Braised Herb Chicken Thighs With Potatoes
Total Time: 45 mins
Preparation Time: 10 mins
Cook Time: 35 mins
Ingredients
- Servings: 4
- 2 tablespoons all-purpose flour
- 2 teaspoons paprika
- 1 teaspoon salt
- 1 teaspoon dried thyme
- 1 teaspoon dried oregano
- 1/2 teaspoon black pepper
- 8 skinless chicken thighs (about 2 pounds)
- 1 teaspoon olive oil
- 1 1/2 cups chopped carrots
- 1 large onion, cut into 8 wedges
- 1 1/2 cups reduced-sodium fat-free chicken broth
- 1/2 cup dry wine
- 1 1/2 lbs small red potatoes, quartered
Recipe
- 1 combine first 6 ingredients in a large zip-top plastic bag.

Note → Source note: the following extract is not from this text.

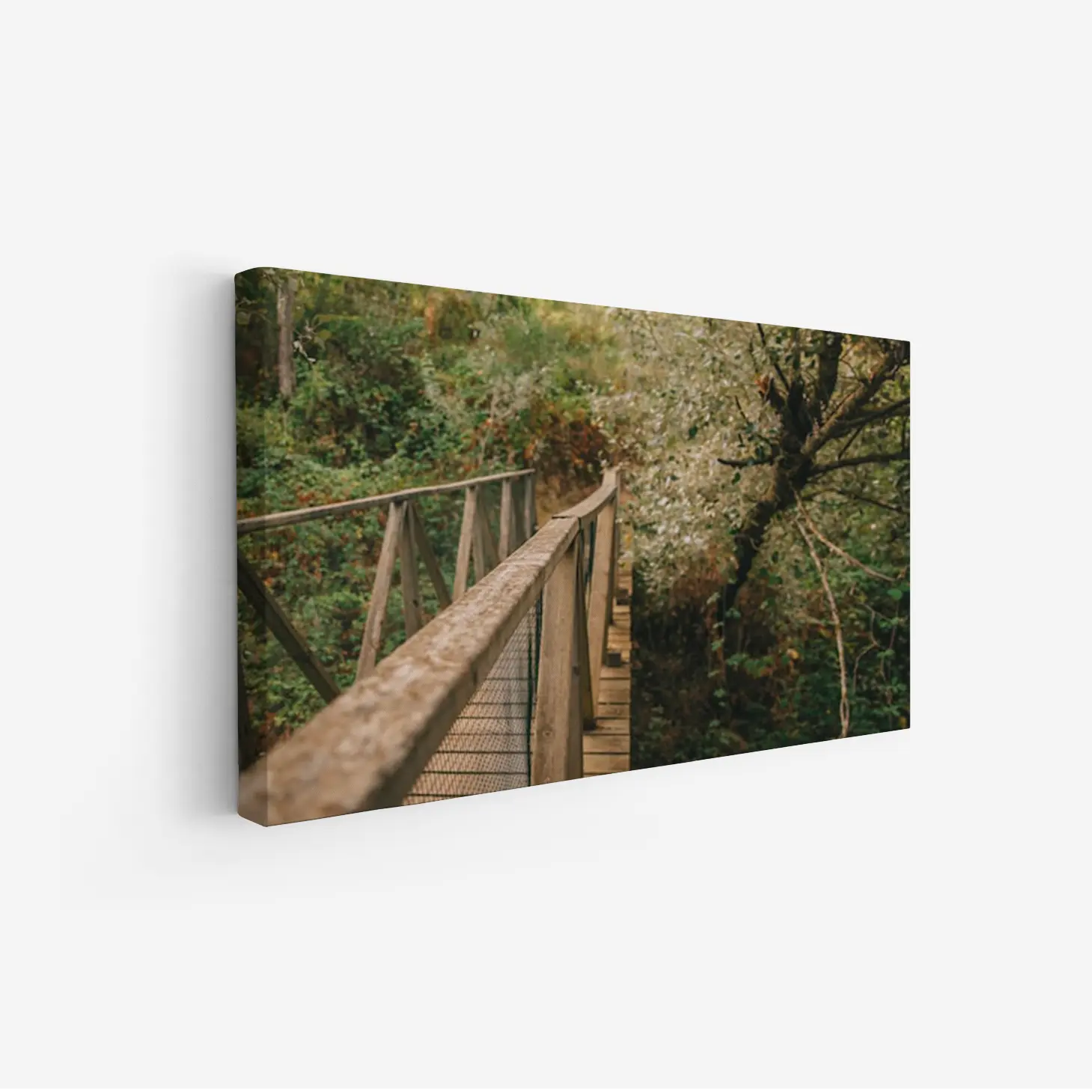 لوحة طبيعة هادئة – جسر خشبي – ألوان خضراء – هادئ – لوحات طبيعة – لوحات كانفاس

- 2 add chicken; seal bag, shaking to coat.
- 3 heat oil in a dutch oven over medium heat.
- 4 add chicken and remaining flour mixture to pan; cook 3 minutes on each side or until lightly brown.
- 5 add carrot and onion; cook 3 minutes, stirring frequently.
- 6 add broth, wine, and potatoes; bring to a boil.
- 7 reduce heat, and simmer 35 minutes or until chicken is done and vegetables are tender.